Information shown:
^^^^^^^^
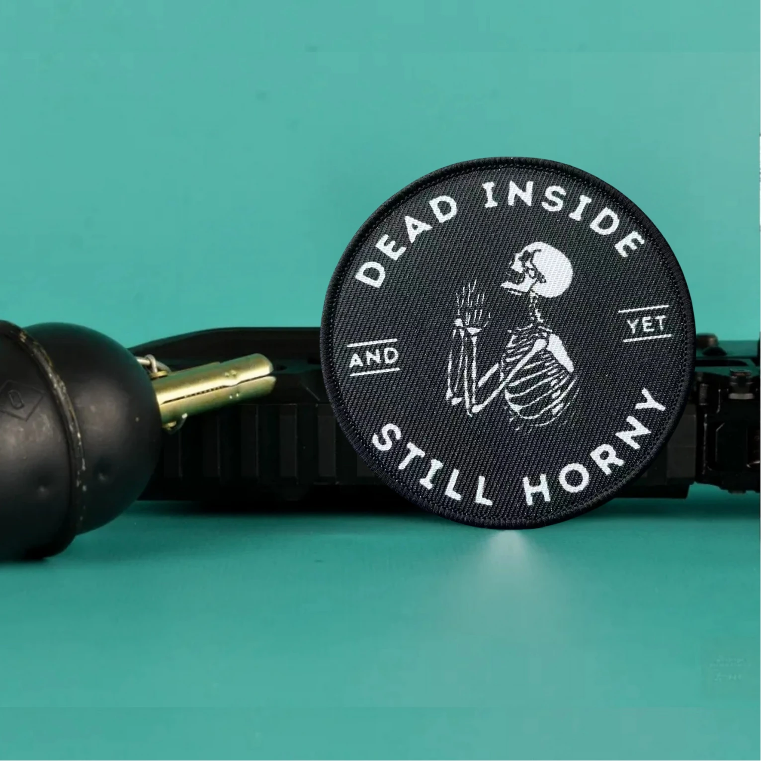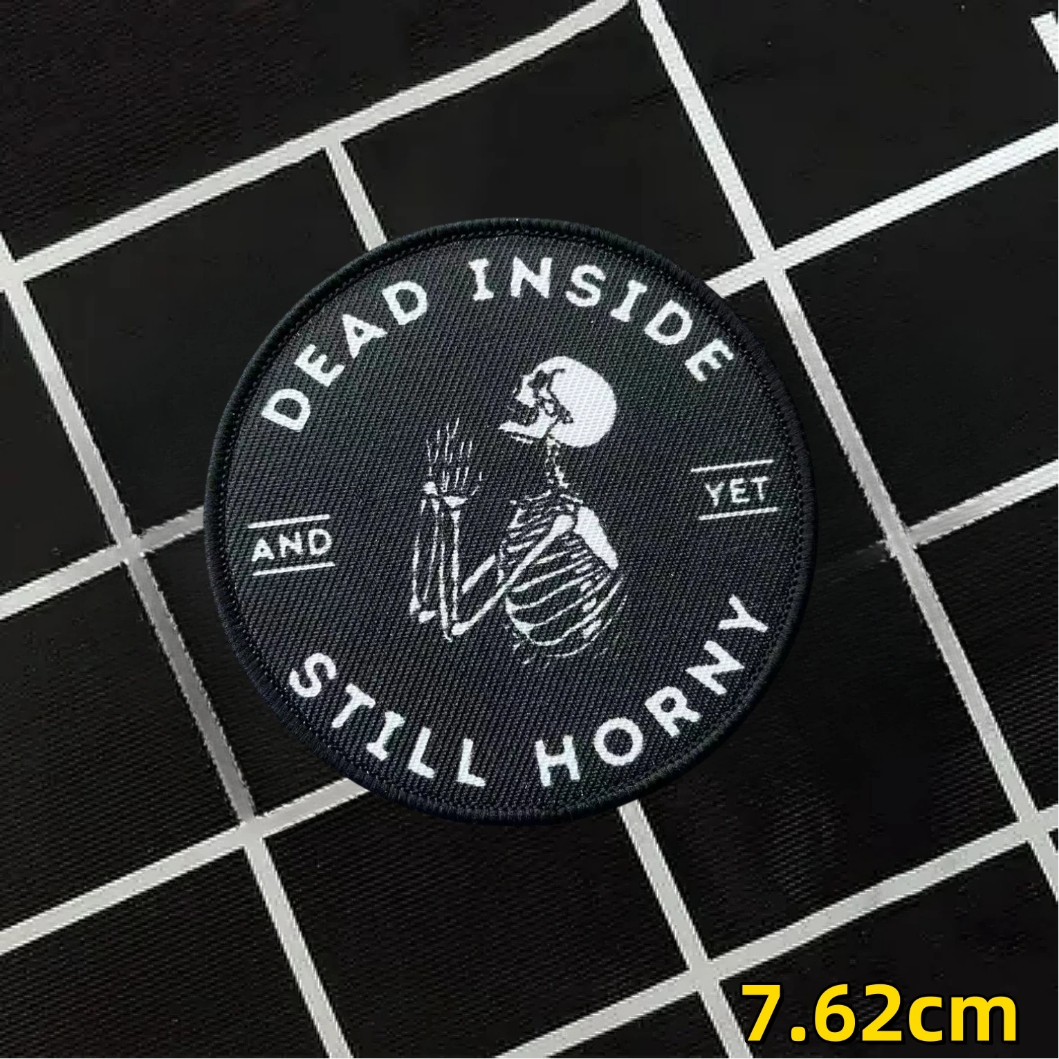 ¡WTF! Insignia de moral americana Dead Inside Yet Still Horny Skull Parches tácticos Brazalete Impresión Gancho y bucle Mochila Pegatina
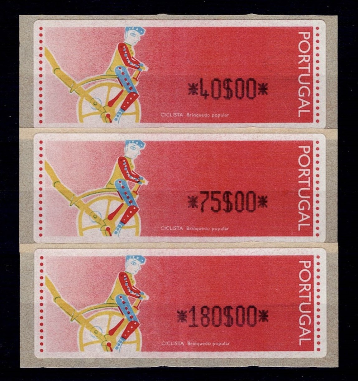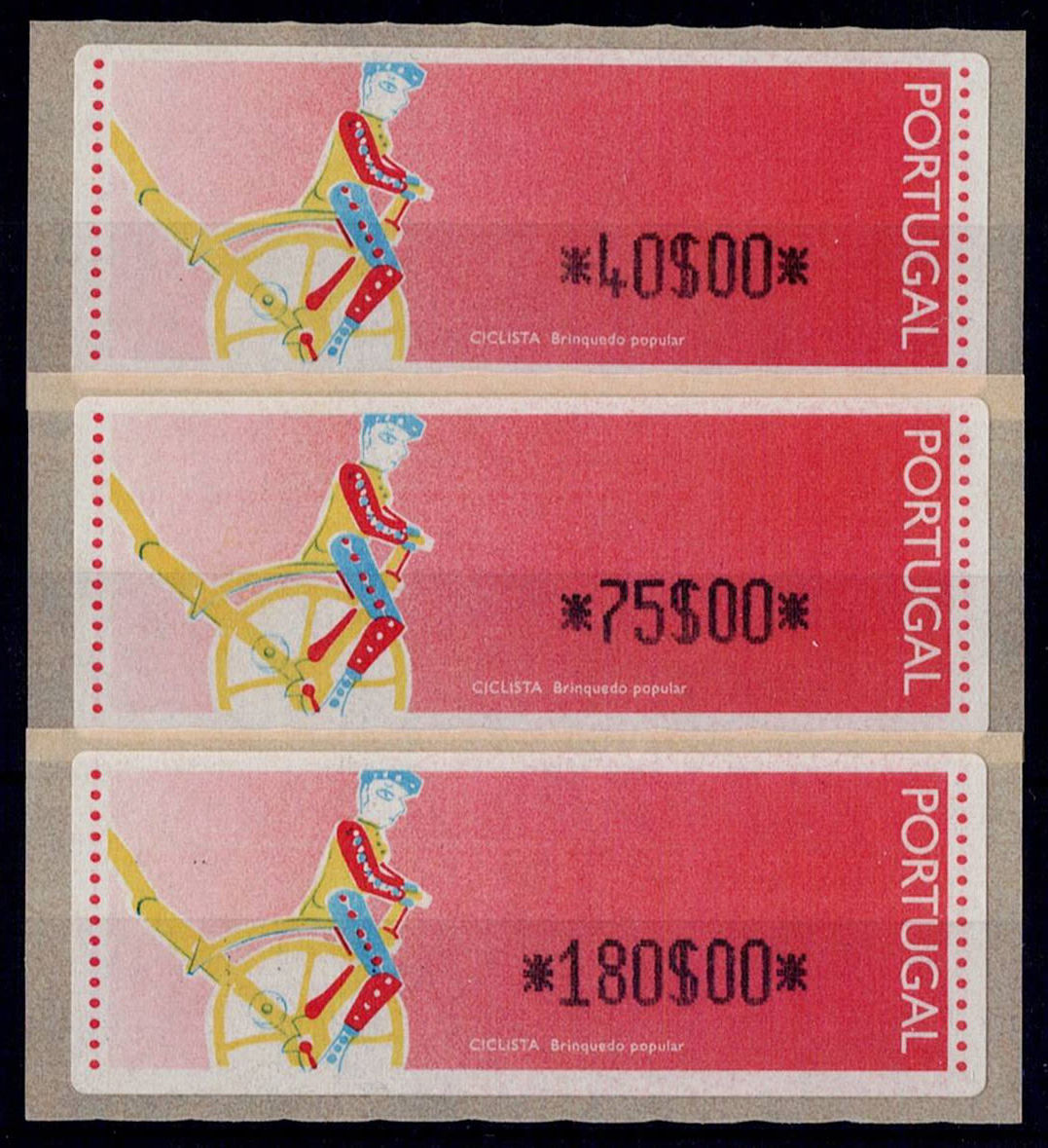 Portugal 1992 – Popular Toys – Cyclist. CROUZET machine. MF#ETQ6a. Complete series for the Correio
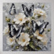 Póster Mariposas Negras Y Blancas Sobre Flores Blancas,
^^^^^^^^
Your assignment:
The material above must be reproduced line for line, with the images omitted.

Written response:
 ¡WTF! Insignia de moral americana Dead Inside Yet Still Horny Skull Parches tácticos Brazalete Impresión Gancho y bucle Mochila Pegatina
 Portugal 1992 – Popular Toys – Cyclist. CROUZET machine. MF#ETQ6a. Complete series for the Correio
 Póster Mariposas Negras Y Blancas Sobre Flores Blancas,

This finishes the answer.